Abbvie HCV DRUG Viekira Pak clinical results comparable to Gilead

In the 2015 annual meeting of the American Association for Study of Liver Diseases (AASLD), the Abbvie announced the latest clinical data hepatitis C VIEKIRA PAK of new drugs, drug treatment with or without cirrhosis in chronic hepatitis C virus gene type 1 infected patients 12 weeks cure rate of 95%! This further strengthened confirmed previous clinical data. It expects peak annual sales will reach $ 3 billion, will become a star Gilead hepatitis C drug Harvoni powerful competitors.
Viekira Pak has received FDA approval to market in December 2014, is the first to qualify for breakthrough drugs FDA accelerated approval of new drugs. Viekira Pak contains three new drugs - Ombitasvir, Paritaprevir and Dasabuvir, which together inhibit the growth of HCV. The drugs also contain ritonavir, which is a previously approved drug, which is used to increase blood levels of Paritaprevir. Viekira Pak may or may not be used with ribavirin, but this medication is not recommended for patients with liver does not work properly (decompensated cirrhosis) is used.
3b TOPAZ-II clinical study of cure data from ongoing research aimed at long-term therapeutic gene 1a and 1b adult chronic hepatitis C virus infection. 95% (n = 586/615) of patients in the 12 to 24 weeks after treatment had a sustained viral response, reaching the key secondary clinical endpoints.
TOPAZ-II is a single-group, open-label, 3b multi-center clinical study for the evaluation of treatment with ribavirin (+/-), cirrhosis (+/-), initial treatment or interferon (pegIFN / RBV) therapy Chronic hepatitis C genotype 1 infection who had 12 or 24 weeks of treatment. The clinical study is accompanied by up to 5 years of follow-up survey after treatment negative rate.
Trial included 615 cases of patients, 115 cases (19%) patients with cirrhosis and 500 cases (81%) patients without cirrhosis. 1, clinical treatment, the patient virus corresponding failure accounted for 0.8% (5/615), 1.9% (n = 11/590) of patients relapse. 1% (n = 6/615) of patients discontinued treatment because of side effects. 4% (n = 25/615) experienced a serious adverse event. Because 20/474 (4.2%) of the patients after injection of ribavirin emergence of hemoglobin decrease, so in 30/474 (6.3%) patients because of anemia and reduction of ribavirin dosage. The most commonly reported adverse events were fatigue, nausea, headache, itching and insomnia, accounting for 10% of patients.

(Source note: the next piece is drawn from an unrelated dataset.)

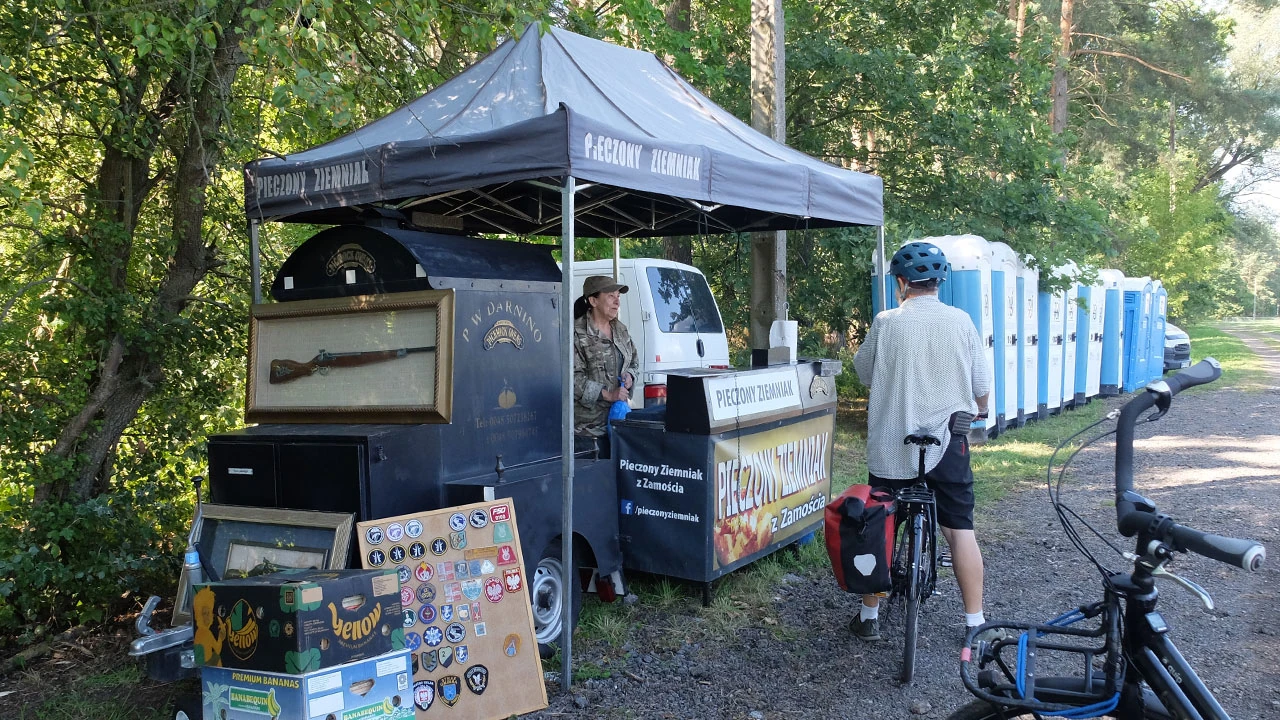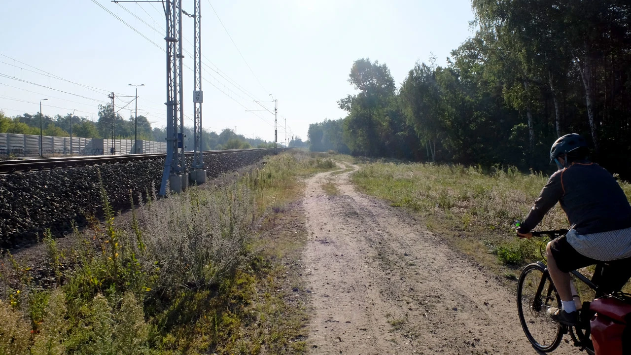 Zwykle na wycieczki wybieramy się w niedzielne poranki, jednak 15 sierpnia wypada w tym roku w czwartek. Taka inspiracja zdarza się nam po raz wtóry – ostatnim razem było to 7 lat temu. Jedziemy wzdłuż Ostrobramskiej i Marsa. To miłe, że z Grochowa do Rembertowa prowadzi całkiem porządna droga dla rowerów. Kulisy stacyjne, zaplecze jakie tworzą tory, w Polsce skąpane są w mieszance magii i zaniedbania. Jakieś drzwi donikąd, droga z nawierzchnią z trzech epok. Ciekawe czy tak też jest w innych miejscach kolejowego świata?

This year's annual meeting of the American Association for Study of Liver Diseases described as fruitful, including Gilead (Gilead), Merck (Merck & Co), Bristol-Myers Squibb (BMS), including pharmaceutical giants have announced the latest development in meeting their hepatitis C drugs Advances in clinical results are excellent (Related reading: Bristol DRUG Daklinza 12 weeks of treatment of hepatitis C with advanced fibrosis 3 hepatitis C cure rate of 100). With the entry of other pharmaceutical companies, the competition in the field of HCV treatment will become more intense, I believe the price will gradually decline hepatitis C drugs, which the majority of patients with hepatitis C is a very good thing.